### EXERCISE DETAILS
Output the complete listing exactly, please, and keep the pictures out of it.

### AVAILABLE DATA
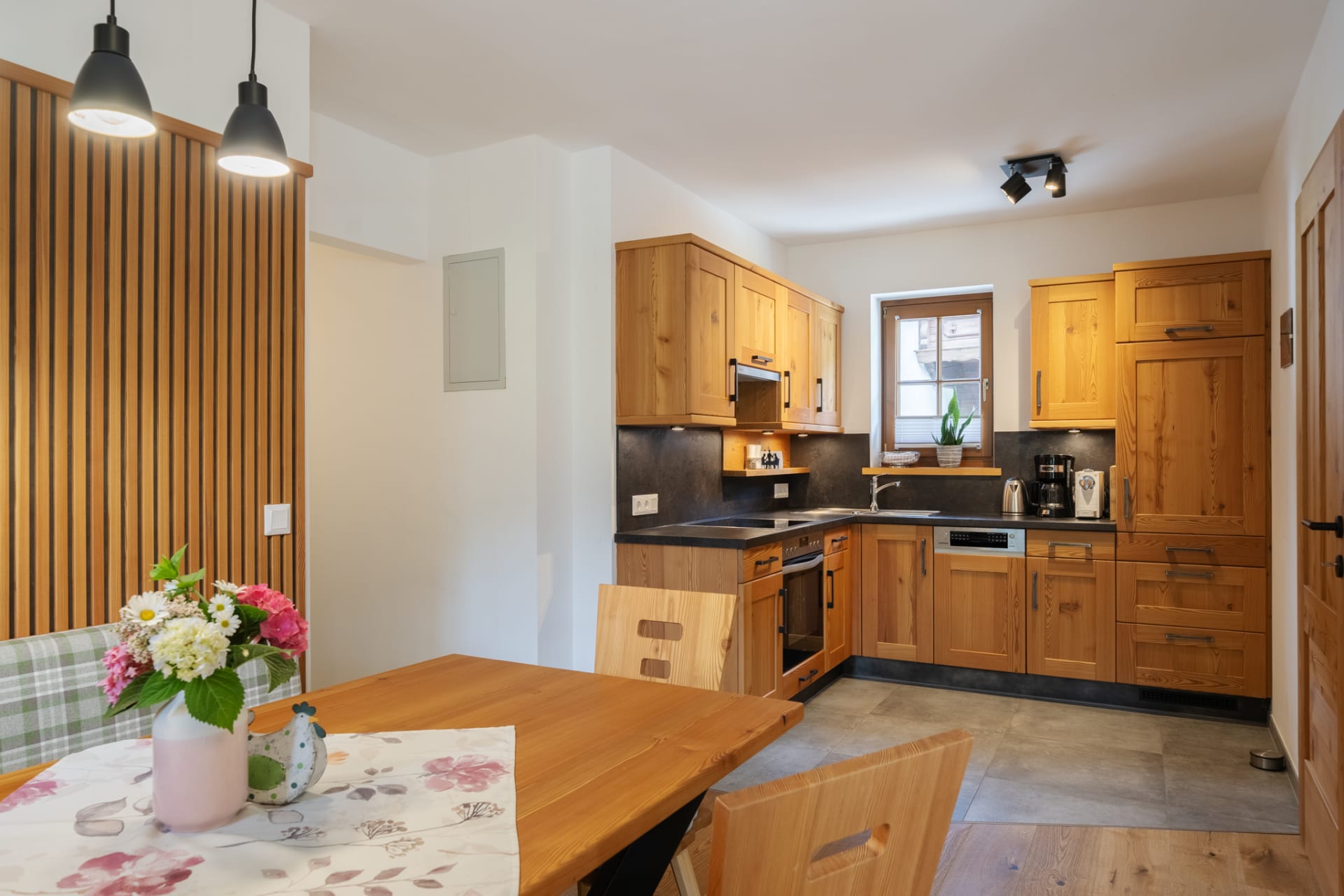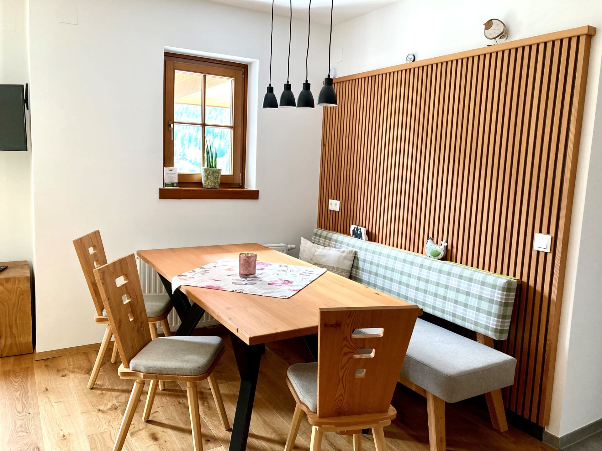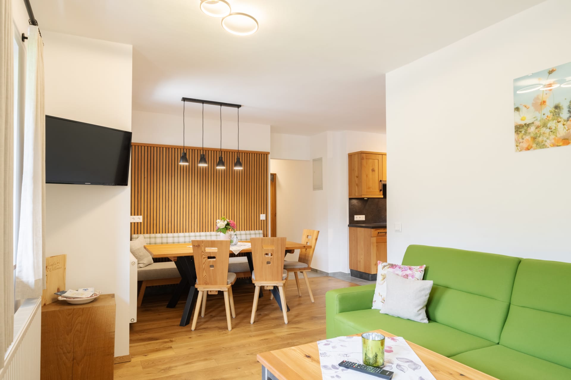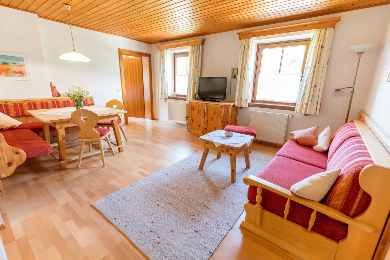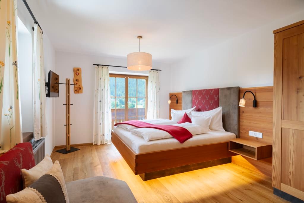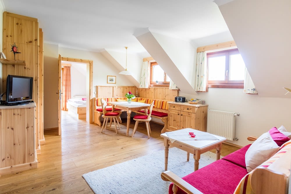 Unser Appartement aus heimischen Lärchenholz ist ausgestattet mit einer voll eingerichteten Küche, zwei Schlafzimmer, Wohnraum, Bad, WC, Radio, Sat-TV, WLAN und einer großen Terrasse mit Blick auf das Kirchheimertal.
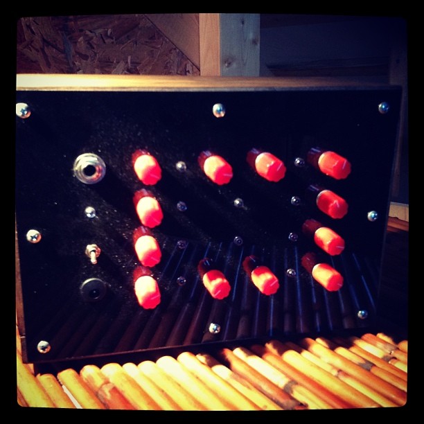 Update, 2017: Sometime around 2014, I added a crude CV input to the box via 1/8″ jack that would allow it to be powered on and off via clock signal – something I did to a lot of the builds from this era until I ended up plunging down the rabbit hole otherwise known as Eurorack. Not to say that the two are mutually exclusive. At the moment, this particular box lives in Oberlin, Ohio, in the care of the Oberlin Conservatory’s TIMARA department.
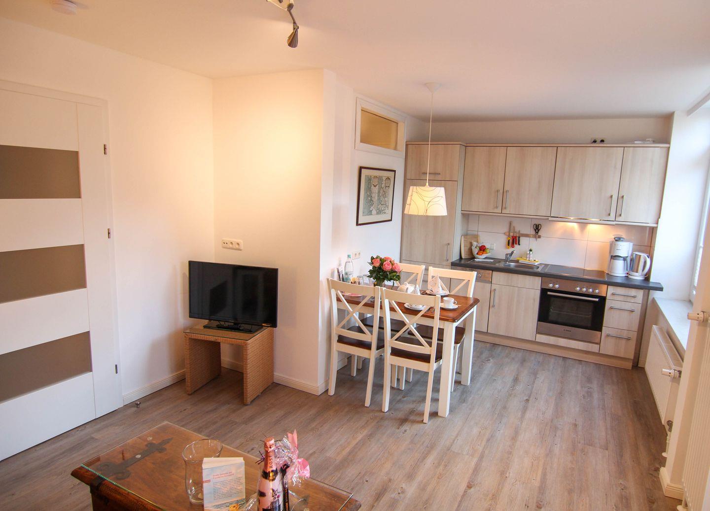 Moin, moin und herzlich Willkommen bei "Lukas" im Bockelmann`s Hof. Diese gleichnamige 2-Zimmer-Ferienwohnung für Zwei liegt ebenerdig und sehr zentral mitten in Westerland. Sie hat eine attraktive offene Küche mit allem drin und dran, was man so braucht, auch, wenn man länger als ein Wochenende bleibt, und ein separates Schlafzimmer mit echtem Doppelbett. Sie wurde vor Kurzem ansprechend renoviert, mit einem schönen lichten Duschbad ganz in Weiß und hat sogar eine eigene Westterrasse mit Gartenmöbeln, die auch noch eingezäunt ist. Perfekt also für alle, die mit Kleinkindern oder unternehmungslustigen Hunden anreisen! Die Wohnung nimmt alle Vorteile mit, die diese Lage bietet (kurze Wege überall hin: zum Einkauf, zum Strand, zum Bus, zur Bahn, zu Restaurants, Fußgängerzonen und Kneipen) in der Nähe des Bahnhofs und ist doch relativ abgeschieden. Sie liegt, wie der Sylter so sagt, "hinten rum", also quasi im Innenhof versteckt.
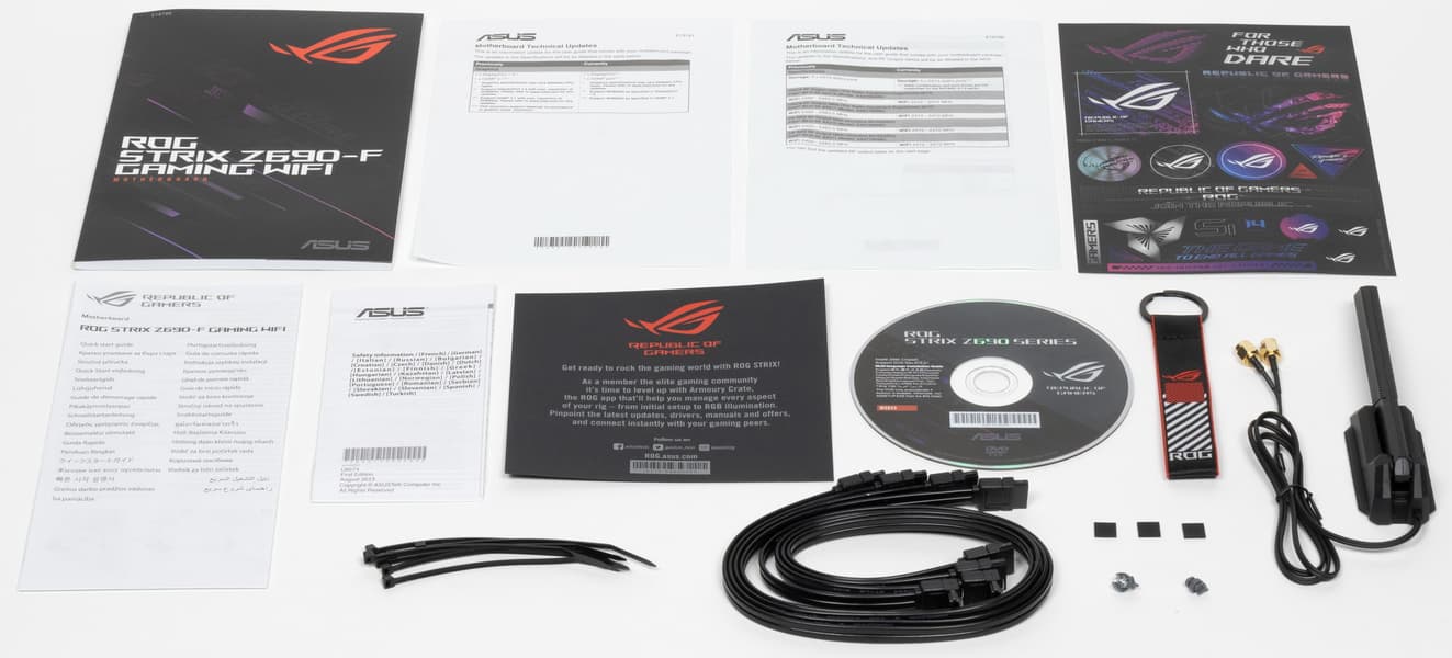 Кроме традиционных элементов типа руководства пользователя и кабелей SATA, комплект поставки включает антенну встроенного Wi-Fi-модуля, винтики для М.2 слотов, бонусные стикеры, накопитель с ПО, брелок и стяжки.
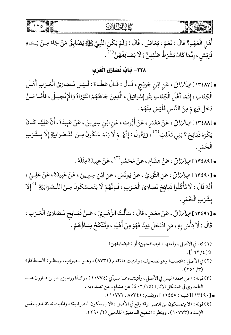13491- عبد الرزاق، عَنْ مَعْمَرٍ، قَالَ: سَأَلْتُ الزُّهْرِيَّ عَن ذَبَائِحِ نَصَارَى الْعَرَبِ قَالَ: لاَ بَأْسَ بِهِ، مَنِ انْتَحَلَ دِينًا فَهُوَ مِنْ أَهْلِهِ، وَتُنْكَحُ نِسَاؤُهُمْ.
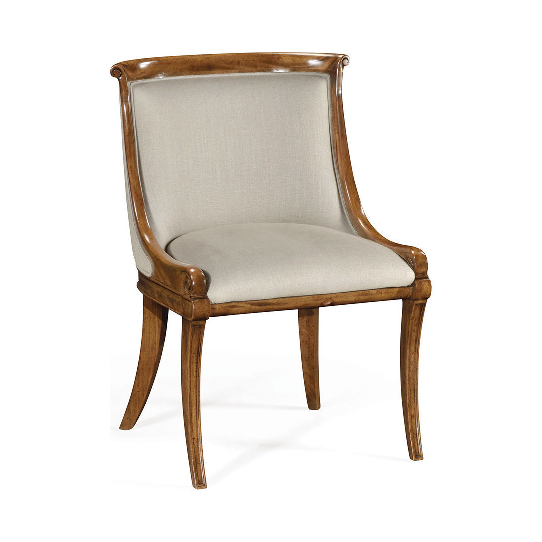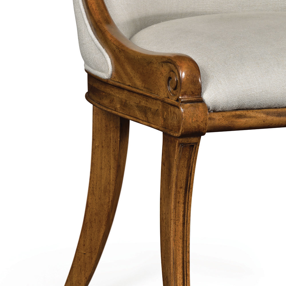 I love this chair for its timeless elegance and craftsmanship. Its classic wooden frame and upholstered seat make it versatile enough to complement both traditional and contemporary dining rooms. It works particularly well in interiors that lean towards classic, country, or shabby chic styles, but can also add a touch of sophistication to more modern spaces when paired with other luxe or textured elements. Practical styling tips include layering it with neutral-toned or patterned cushions for added comfort, and pairing it with a sleek, understated table to let its craftsmanship stand out. This piece is a reliable choice if you're after a combination of comfort, style, and durability.
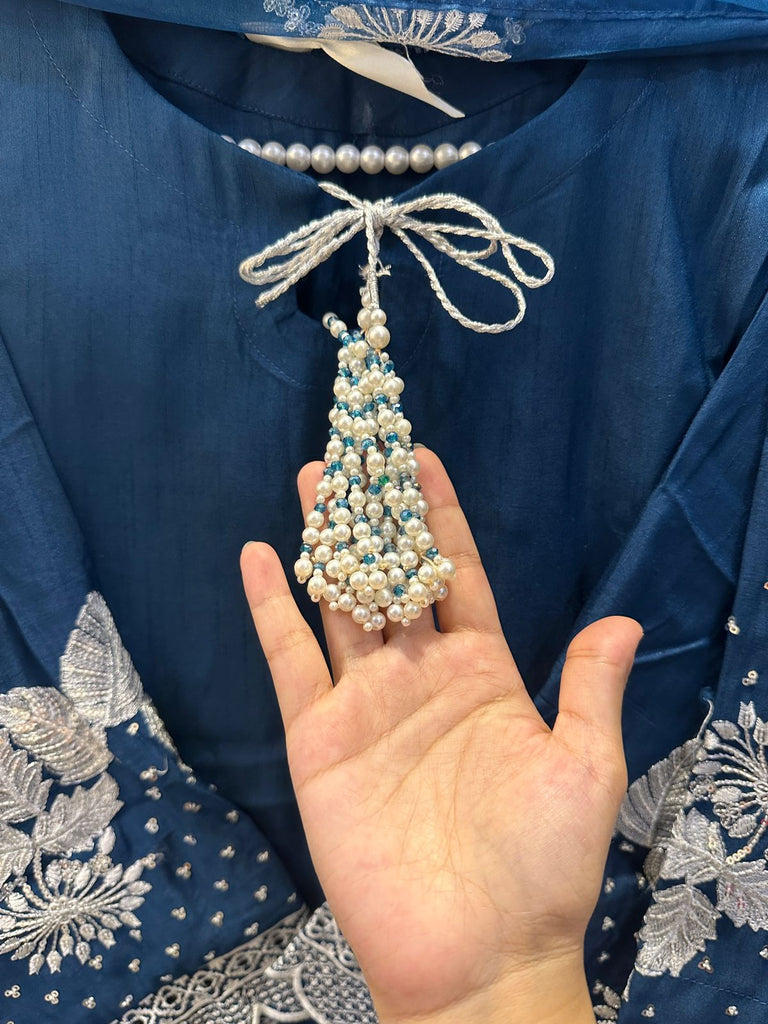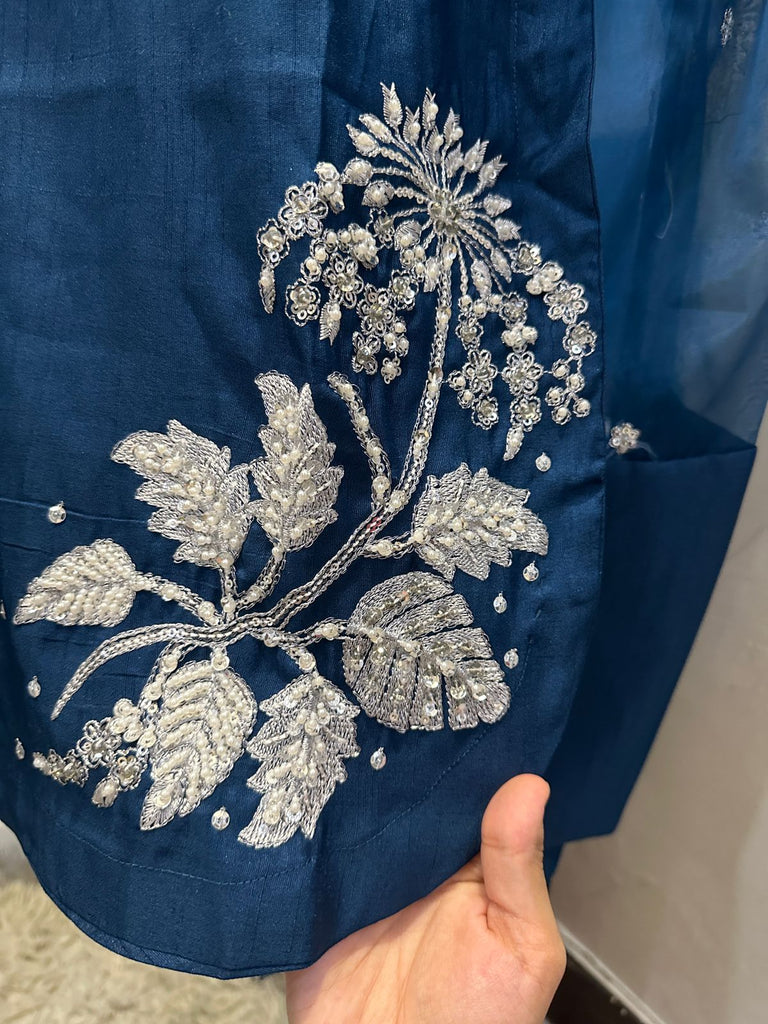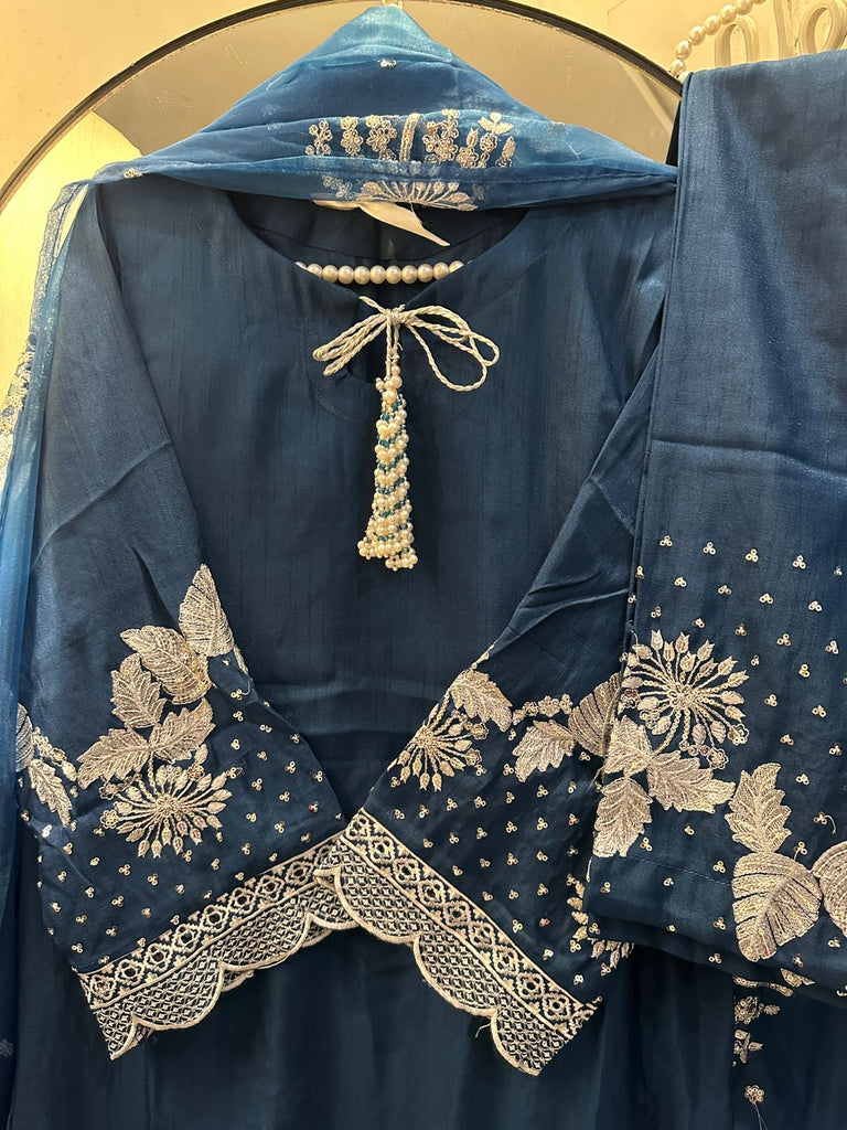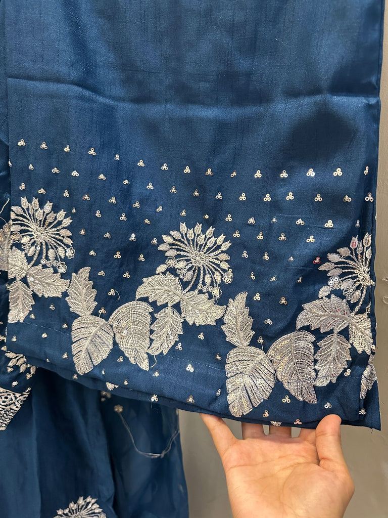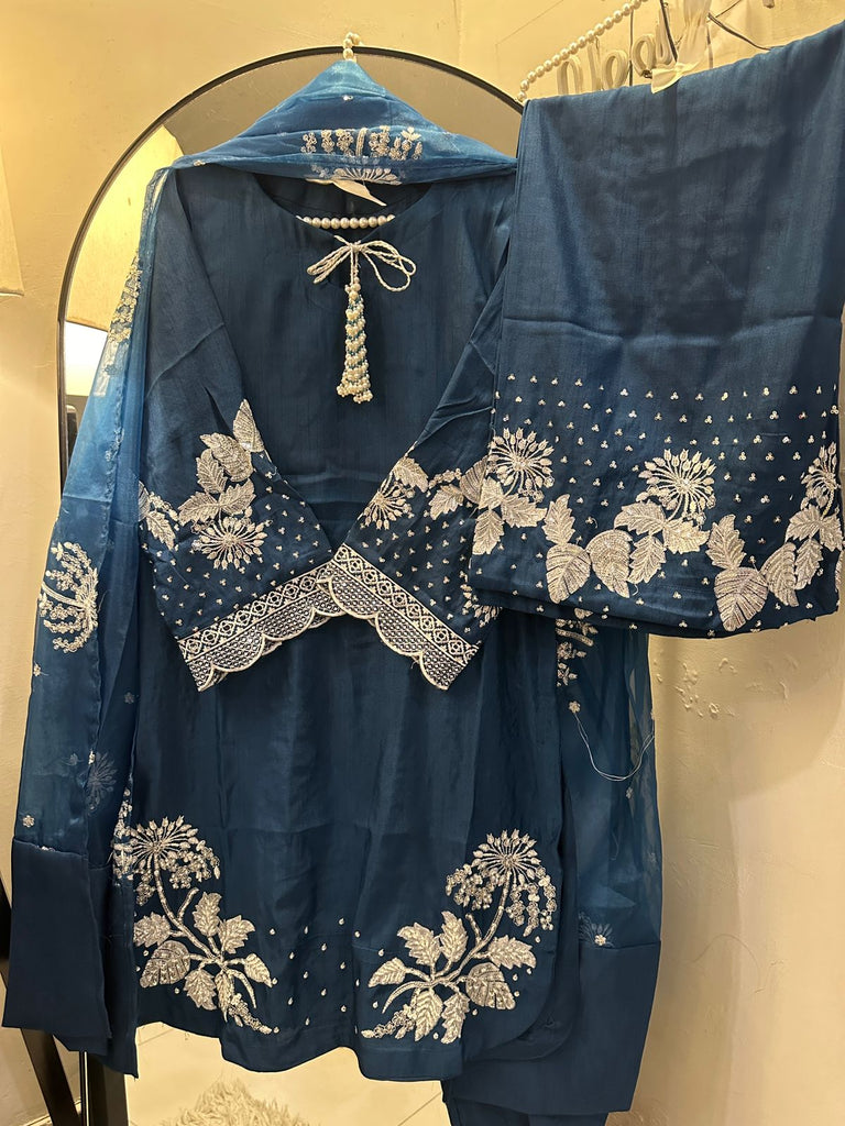Work Technique: Introducing our Solid Blue 3-piece suit for women, a timeless addition to any wardrobe. Made from premium raw silk, this set features an elegant shirt with a length of 37 inches, complemented by a trouser and organza dupatta. Perfect for both semi-formal and casual occasions..

### RESPONSE TO THE EXERCISE
 Unser Appartement aus heimischen Lärchenholz ist ausgestattet mit einer voll eingerichteten Küche, zwei Schlafzimmer, Wohnraum, Bad, WC, Radio, Sat-TV, WLAN und einer großen Terrasse mit Blick auf das Kirchheimertal.
 Update, 2017: Sometime around 2014, I added a crude CV input to the box via 1/8″ jack that would allow it to be powered on and off via clock signal – something I did to a lot of the builds from this era until I ended up plunging down the rabbit hole otherwise known as Eurorack. Not to say that the two are mutually exclusive. At the moment, this particular box lives in Oberlin, Ohio, in the care of the Oberlin Conservatory’s TIMARA department.
 Moin, moin und herzlich Willkommen bei "Lukas" im Bockelmann`s Hof. Diese gleichnamige 2-Zimmer-Ferienwohnung für Zwei liegt ebenerdig und sehr zentral mitten in Westerland. Sie hat eine attraktive offene Küche mit allem drin und dran, was man so braucht, auch, wenn man länger als ein Wochenende bleibt, und ein separates Schlafzimmer mit echtem Doppelbett. Sie wurde vor Kurzem ansprechend renoviert, mit einem schönen lichten Duschbad ganz in Weiß und hat sogar eine eigene Westterrasse mit Gartenmöbeln, die auch noch eingezäunt ist. Perfekt also für alle, die mit Kleinkindern oder unternehmungslustigen Hunden anreisen! Die Wohnung nimmt alle Vorteile mit, die diese Lage bietet (kurze Wege überall hin: zum Einkauf, zum Strand, zum Bus, zur Bahn, zu Restaurants, Fußgängerzonen und Kneipen) in der Nähe des Bahnhofs und ist doch relativ abgeschieden. Sie liegt, wie der Sylter so sagt, "hinten rum", also quasi im Innenhof versteckt.
 Кроме традиционных элементов типа руководства пользователя и кабелей SATA, комплект поставки включает антенну встроенного Wi-Fi-модуля, винтики для М.2 слотов, бонусные стикеры, накопитель с ПО, брелок и стяжки.
13491- عبد الرزاق، عَنْ مَعْمَرٍ، قَالَ: سَأَلْتُ الزُّهْرِيَّ عَن ذَبَائِحِ نَصَارَى الْعَرَبِ قَالَ: لاَ بَأْسَ بِهِ، مَنِ انْتَحَلَ دِينًا فَهُوَ مِنْ أَهْلِهِ، وَتُنْكَحُ نِسَاؤُهُمْ.
 I love this chair for its timeless elegance and craftsmanship. Its classic wooden frame and upholstered seat make it versatile enough to complement both traditional and contemporary dining rooms. It works particularly well in interiors that lean towards classic, country, or shabby chic styles, but can also add a touch of sophistication to more modern spaces when paired with other luxe or textured elements. Practical styling tips include layering it with neutral-toned or patterned cushions for added comfort, and pairing it with a sleek, understated table to let its craftsmanship stand out. This piece is a reliable choice if you're after a combination of comfort, style, and durability.
Work Technique: Introducing our Solid Blue 3-piece suit for women, a timeless addition to any wardrobe. Made from premium raw silk, this set features an elegant shirt with a length of 37 inches, complemented by a trouser and organza dupatta. Perfect for both semi-formal and casual occasions..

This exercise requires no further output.